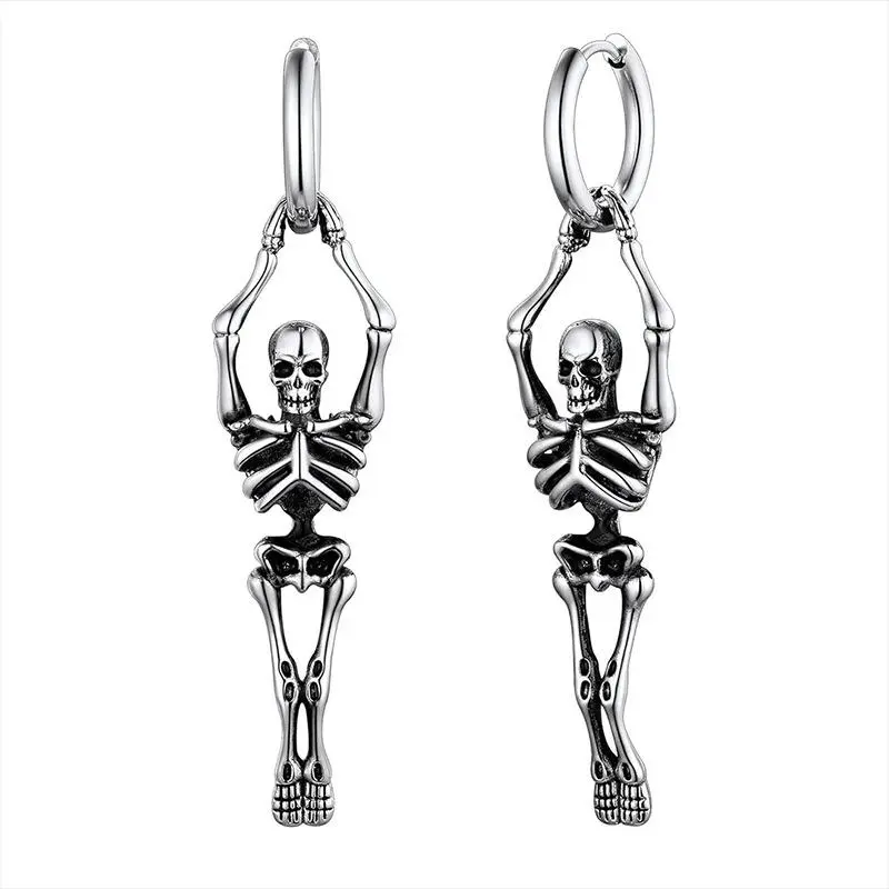 Exaggerated Skeleton Bone Earrings Vintage Gothic Style Drop Earrings Cool Streetwear Accessories
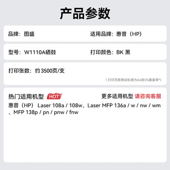 图盛110a硒鼓适用惠普136w硒鼓 HP108w硒鼓 136wm 136nw 136a 108a 138p 138pnw打印机硒鼓墨粉盒W1110A硒鼓
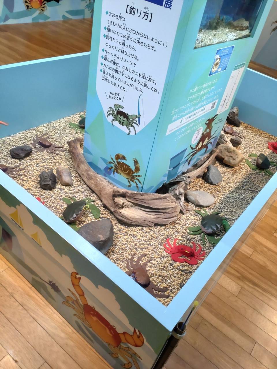 写真は少し前のものですが、わかりますか?1枚目の写真、こたつとミカンと、ミカンと戯れる、ミカン色の魚!展示方法も試行錯誤。そしてこの時のイベントがカニ展だったので2枚目の写真はカニ釣り☆よく見ないとフェイクとは分からないほどのクオリティ!小さい子供たちが楽しんでいました♪
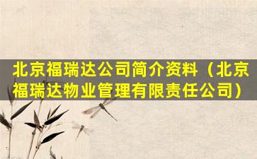北京福瑞达公司简介资料(北京福瑞达物业管理有限责任公司)
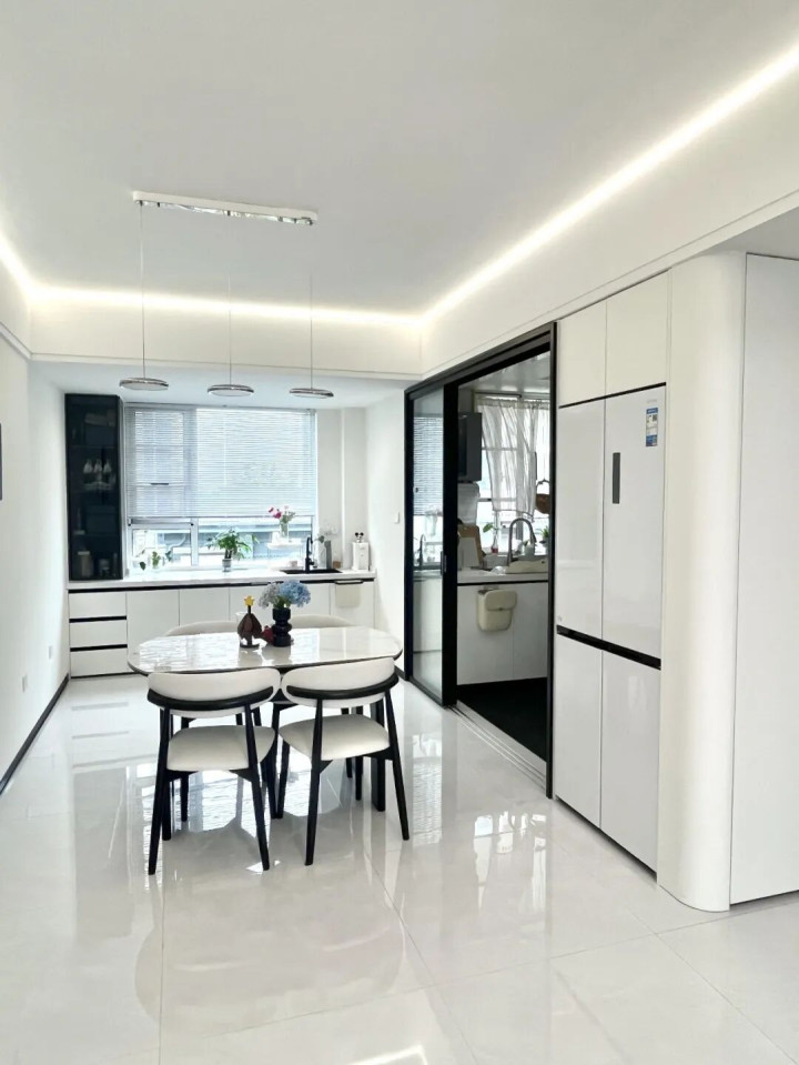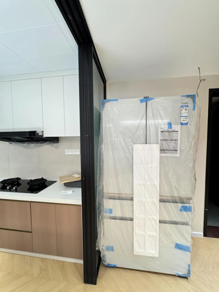 网友@可达鸭啊喔 家亦然如斯,把厨房门洞双方墙体拆了,把雪柜塞进去与门王人平,获得一个丝滑的雪柜位。
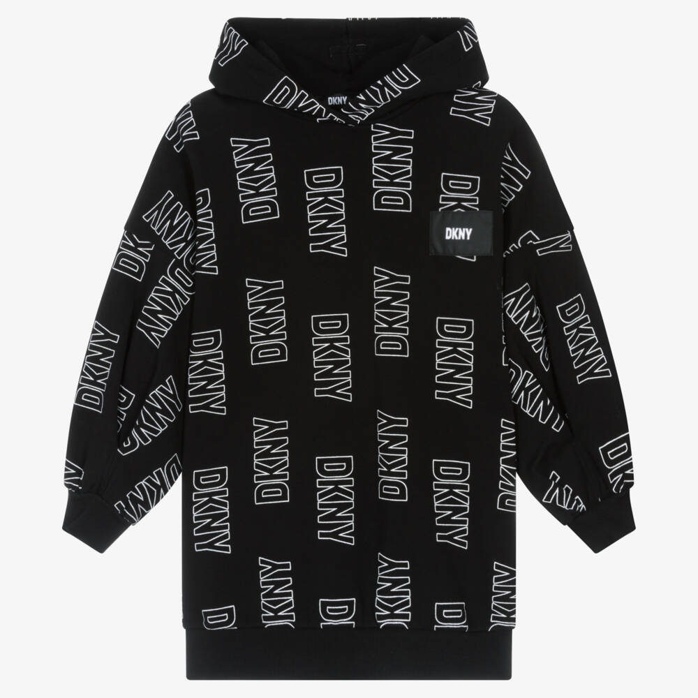 Edgy black cotton hoodie dress for teen girls by DKNY. Made in stretchy, mid-weight jersey, bold white branding decorates the fabric for a statement look. Cool and casual, it has dropped shoulders, full balloon-style sleeves and softly ribbed trims for comfort and shape. A silky black logo patch on the front and a rubber label on the hood complete the branded look.
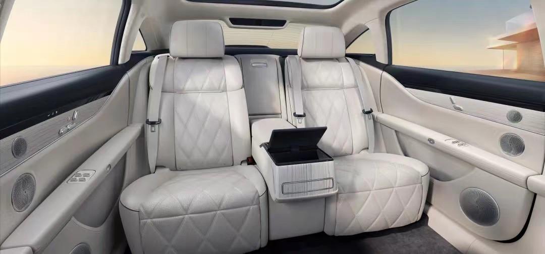 內飾方面,官方暫未具體公布,但從發布會上公布的一張后排空間圖來看,享界S9將采用4座布局,中間的扶手相當寬厚,車內有著時下流行的配置。比如車載冰箱、投影、沉浸式的音響效果。車內預計搭載華為最新的智能黑科技,拭目以待。
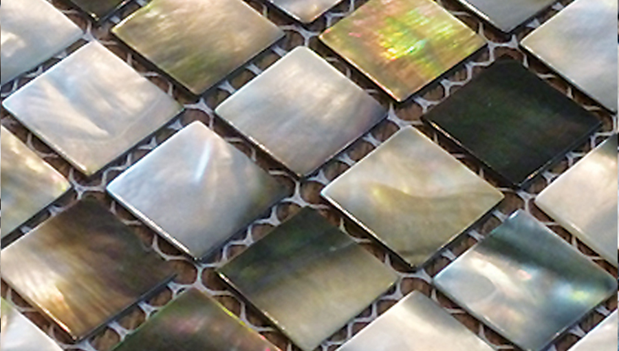 Farmed from freshwater shellfish, these tiles are 100% sustainable. The individual mother of pearl tiles are applied to a mesh sheet, creating a distinctive look, either as a feature with other tiles or for a complete area. As they are a natural product colours may vary.
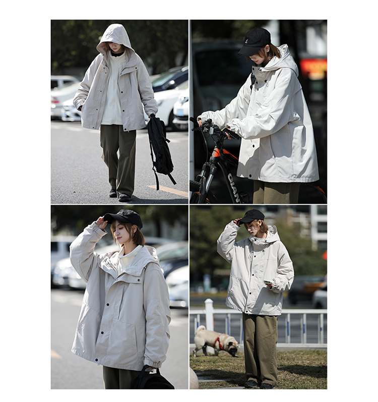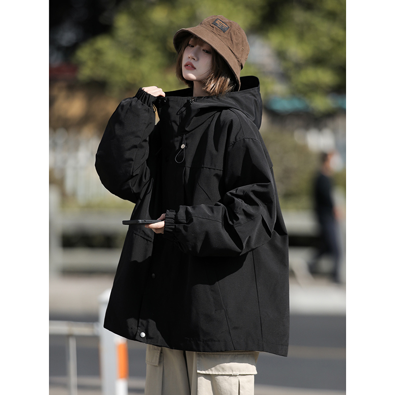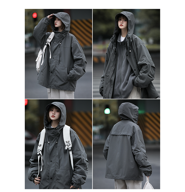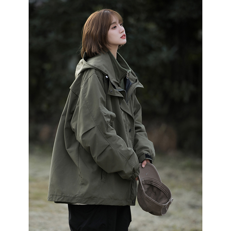 美式機能山系衝鋒衣三合一軍綠色搖粒絨外套女秋冬款加厚工裝夾克
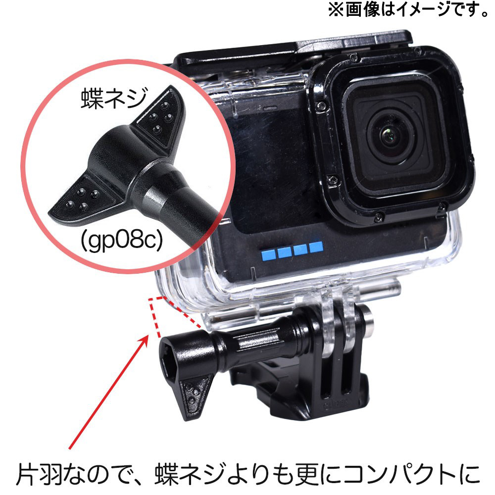 羽がついているため、通常のGoPro用ネジよりも力を入れやすく、レンチスパナを使用せずにしっかりと固定できます。
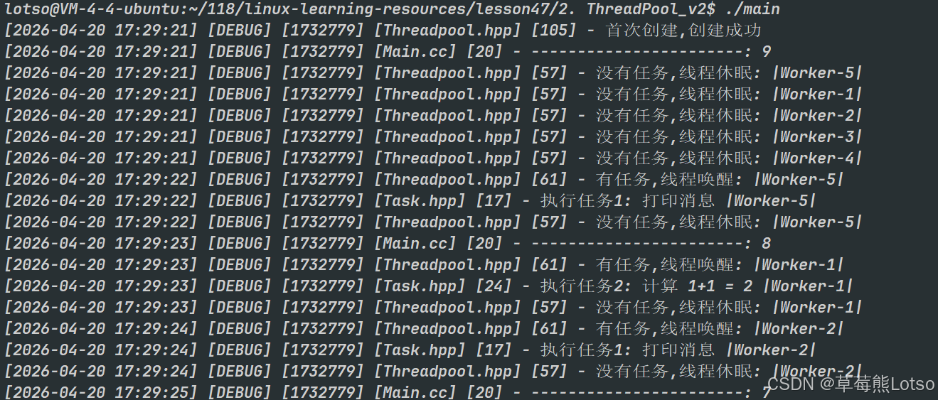 在 Linux 后端高并发开发场景中,我们经常会遇到这样的问题:WEB 服务器每秒要处理上千次客户端请求,日志系统需要异步写入海量数据,批量计算任务需要并行执行。如果每次处理任务都临时创建线程,不仅会带来巨大的线程创建 / 销毁系统开销,还可能因峰值期创建大量线程导致 CPU 调度过载、甚至系统 OOM。池化技术正是为了解决这类问题而生,而线程池就是池化思想在多线程编程中最经典的工程落地。它通过提前创建一批固定数量的工作线程,统一管理任务队列,让用户任务被复用的线程异步执行,从根本上解决了频繁创建线程的开销问题,同时实现了对并发数的精准控制。本文将从线程池的核心原理出发,带你手撕工业级 C++ 线程池的完整实现,再到单例模式的进阶优化,最后深入拆解线程池背后的线程安全、死锁、锁机制等核心知识点,帮你彻底掌握 Linux 高并发编程的这一核心技能。
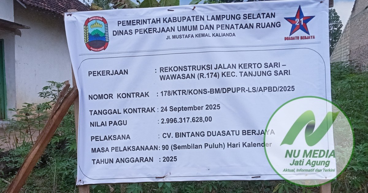 Lampung Selatan, NU Media Jati Agung — Publik menyoroti proyek jalan Kertosari–Wawasan di Kecamatan Tanjung Sari, Kabupaten Lampung Selatan.
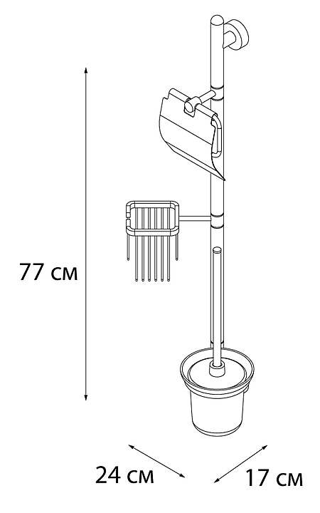 Стойка Fixsen FX-61225 предназначена для размещения в туалетных комнатах. Модель оснащена ёршиком для унитаза, держателем для освежителя воздуха и держателем для рулонной туалетной бумаги. Элегантные аксессуары этой коллекции идеально дополнят дизайн любой ванной комнаты. Изделие выполнено из качественного металла цвета хром, отличается долгим сроком службы, простым уходом и идеально экономит пространство за счет мультифункциональности. Дополнительные характеристики:
*-*-*
Task brief - Without the pictures, transcribe the listing exactly as it stands.

Solved exercise -
 Exaggerated Skeleton Bone Earrings Vintage Gothic Style Drop Earrings Cool Streetwear Accessories
 图盛110a硒鼓适用惠普136w硒鼓 HP108w硒鼓 136wm 136nw 136a 108a 138p 138pnw打印机硒鼓墨粉盒W1110A硒鼓
 写真は少し前のものですが、わかりますか?1枚目の写真、こたつとミカンと、ミカンと戯れる、ミカン色の魚!展示方法も試行錯誤。そしてこの時のイベントがカニ展だったので2枚目の写真はカニ釣り☆よく見ないとフェイクとは分からないほどのクオリティ!小さい子供たちが楽しんでいました♪
北京福瑞达公司简介资料(北京福瑞达物业管理有限责任公司)
 网友@可达鸭啊喔 家亦然如斯,把厨房门洞双方墙体拆了,把雪柜塞进去与门王人平,获得一个丝滑的雪柜位。
 Edgy black cotton hoodie dress for teen girls by DKNY. Made in stretchy, mid-weight jersey, bold white branding decorates the fabric for a statement look. Cool and casual, it has dropped shoulders, full balloon-style sleeves and softly ribbed trims for comfort and shape. A silky black logo patch on the front and a rubber label on the hood complete the branded look.
 內飾方面,官方暫未具體公布,但從發布會上公布的一張后排空間圖來看,享界S9將采用4座布局,中間的扶手相當寬厚,車內有著時下流行的配置。比如車載冰箱、投影、沉浸式的音響效果。車內預計搭載華為最新的智能黑科技,拭目以待。
 Farmed from freshwater shellfish, these tiles are 100% sustainable. The individual mother of pearl tiles are applied to a mesh sheet, creating a distinctive look, either as a feature with other tiles or for a complete area. As they are a natural product colours may vary.
 美式機能山系衝鋒衣三合一軍綠色搖粒絨外套女秋冬款加厚工裝夾克
 羽がついているため、通常のGoPro用ネジよりも力を入れやすく、レンチスパナを使用せずにしっかりと固定できます。
 在 Linux 后端高并发开发场景中,我们经常会遇到这样的问题:WEB 服务器每秒要处理上千次客户端请求,日志系统需要异步写入海量数据,批量计算任务需要并行执行。如果每次处理任务都临时创建线程,不仅会带来巨大的线程创建 / 销毁系统开销,还可能因峰值期创建大量线程导致 CPU 调度过载、甚至系统 OOM。池化技术正是为了解决这类问题而生,而线程池就是池化思想在多线程编程中最经典的工程落地。它通过提前创建一批固定数量的工作线程,统一管理任务队列,让用户任务被复用的线程异步执行,从根本上解决了频繁创建线程的开销问题,同时实现了对并发数的精准控制。本文将从线程池的核心原理出发,带你手撕工业级 C++ 线程池的完整实现,再到单例模式的进阶优化,最后深入拆解线程池背后的线程安全、死锁、锁机制等核心知识点,帮你彻底掌握 Linux 高并发编程的这一核心技能。
 Lampung Selatan, NU Media Jati Agung — Publik menyoroti proyek jalan Kertosari–Wawasan di Kecamatan Tanjung Sari, Kabupaten Lampung Selatan.
 Стойка Fixsen FX-61225 предназначена для размещения в туалетных комнатах. Модель оснащена ёршиком для унитаза, держателем для освежителя воздуха и держателем для рулонной туалетной бумаги. Элегантные аксессуары этой коллекции идеально дополнят дизайн любой ванной комнаты. Изделие выполнено из качественного металла цвета хром, отличается долгим сроком службы, простым уходом и идеально экономит пространство за счет мультифункциональности. Дополнительные характеристики:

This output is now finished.